We're All E-Commerce Companies Now.

The day of e-commerce is finally here. Online sales of everyday items — soap, orange juice, toothpaste — more than doubled between 2006 and 2010, and are expected to double again by 2014. Nielsen estimates that online consumer packaged goods (CPG) sales in the US will reach 25 billion by 2014. A staggering figure, to be sure, but I believe this growth is grossly underestimated, because when it comes to CPGs, the e-commerce we are seeing today is not the e-commerce we were expecting just a few years ago.

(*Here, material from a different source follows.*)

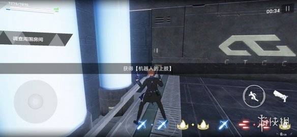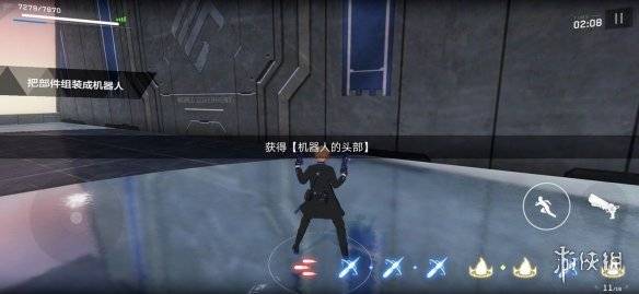 然後我們根據提示移動到後邊的房間,進入房間會刷新出三隻小怪,我們根據之前的提示100先解決掉右邊和中間的兩隻,僅留下最左邊的一隻,然後機器人便會發生不穩定,自爆,自爆完之後,會在原地留下一個光圈,我們走進關圈,便可以獲得一個名為(機器人的上肢)。

Traditionally, e-commerce has been viewed as buying or selling a product online with direct delivery. It was a simple business model distinction — either you sold online, or you sold in store. But over the past few years, with retailers increasingly moving their inventory online, the landscape has become more complex. Online shopping now comes in three different forms: national ship (e.g., Amazon.com), home delivery (e.g., Fresh Direct), and pick-up in store, which many retailers will be launching this year.

For CPGs, reaching consumers at point-of-purchase is no longer simply a battle for shelf space, but a war to connect meaningfully across a wide range of digital platforms and delivery mechanisms. The sheer diversity of companies entering the online shopping space, coupled with the evolving segmentation of the e-commerce model, renders the traditional definition of e-commerce obsolete.